Friday, October 19, 2007

VFW Urges Congress

to Immediately Pass DOD, VA Budgets: Funds needed to turn benefits commissions' recommendations into reality

WASHINGTON, Oct. 18, 2007--The national commander of America's largest organization of combat veterans is urging Congress to immediately pass two key funding packages so that the Departments of Defense and Veterans Affairs can begin bringing the recommendations made by a pair of wounded veterans' benefits commissions into reality.

"The two most important issues in America today are the war and the care of our wounded veterans," said George Lisicki, a Vietnam veteran from Carteret, N.J., who leads the 2.3 million-member Veterans of Foreign Wars of the U.S. and its Auxiliaries.

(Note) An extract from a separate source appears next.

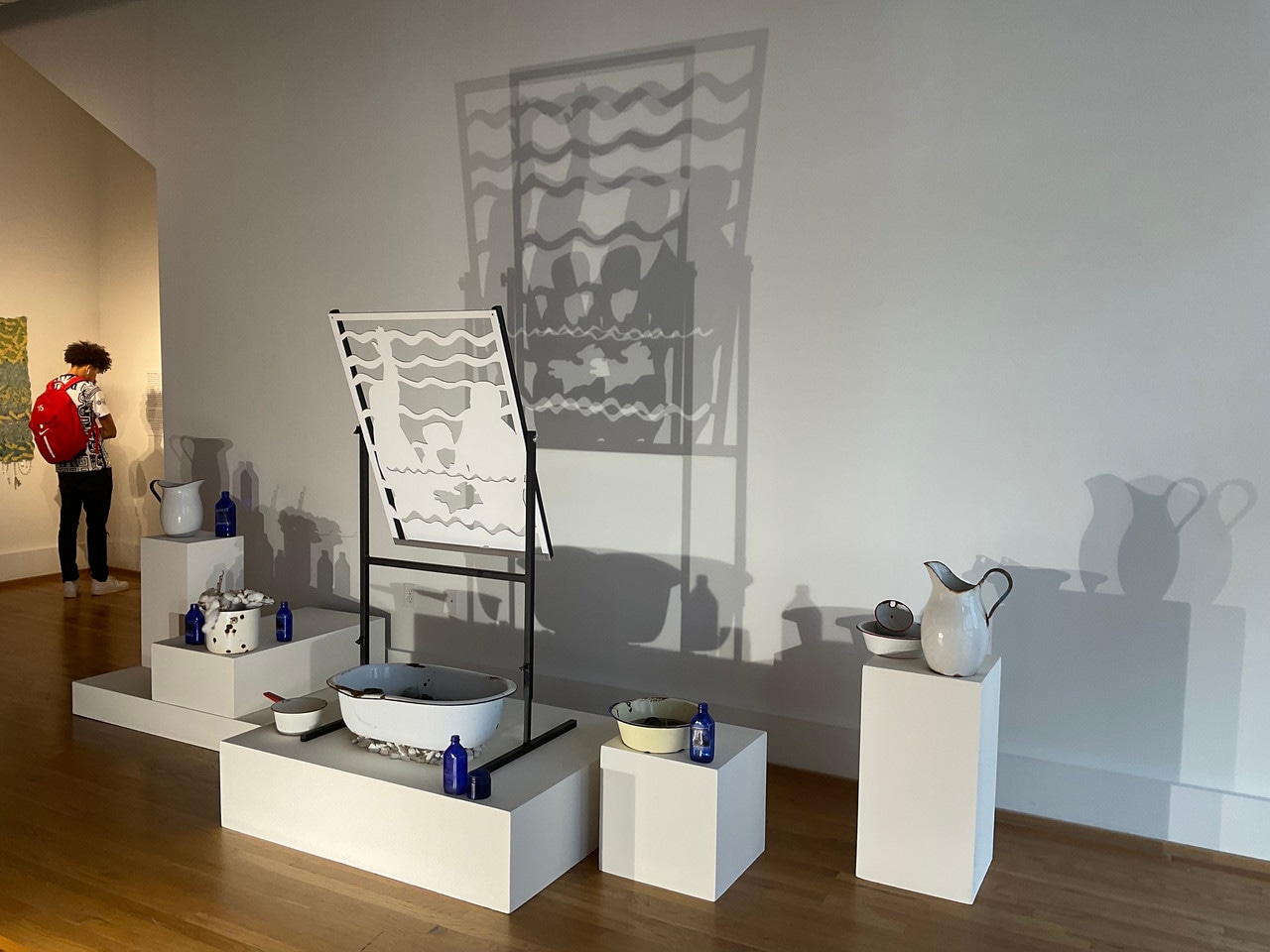 Down By the Riverside - The Baptism-steel cut panel/frame, QR code linked audio (original music- The Water: Three African American Spirituals), lighting, mixed media(vessels, blue jars, enamel basins w/shell adorned clay sculptures). 36" x 24", Installation-3x3x2x11', 2022. Mixed media installation. The central image honors faith and baptisms, spiritual practices that have enabled the black community to endure from times of enslavement and the strength to survive in the present moment. FLOW Tuscaloosa Project. Paul R. Jones Gallery, Tuscaloosa, AL.

"But Congress has yet to pass any fiscal year 2008 funding bill, to include the VA's, which Congress has touted as the largest VA budget increase in history," he said. "You can't brag about something until you finish the job, and that means consolidating the two House and Senate versions into one bill for the president's signature."

This marks the eighth consecutive year the VA started a new fiscal year without an on-time budget. The federal government's new fiscal year began Oct. 1.

The VFW wants the DOD and VA budgets passed so that some of recommendations made by the two commissions – the Veterans' Disability Benefits Commission and the President's Commission on Care for America's Returning Wounded Warriors – can be accomplished without the need to seek additional appropriations.

One key recommendation the VFW fully supports is having the VA assign disability ratings to transitioning servicemen and women instead of having the onus fall on DOD; making fit-for-duty determinations will remain a military service responsibility. Other recommendations would address the VA claims backlog, provide compensation for a disability's impact on an individual's quality of life, expand TRICARE benefits, and allow all current war veterans to receive VA mental health services without first receiving a service-connected determination, among others.

But nothing is going to move forward without funding.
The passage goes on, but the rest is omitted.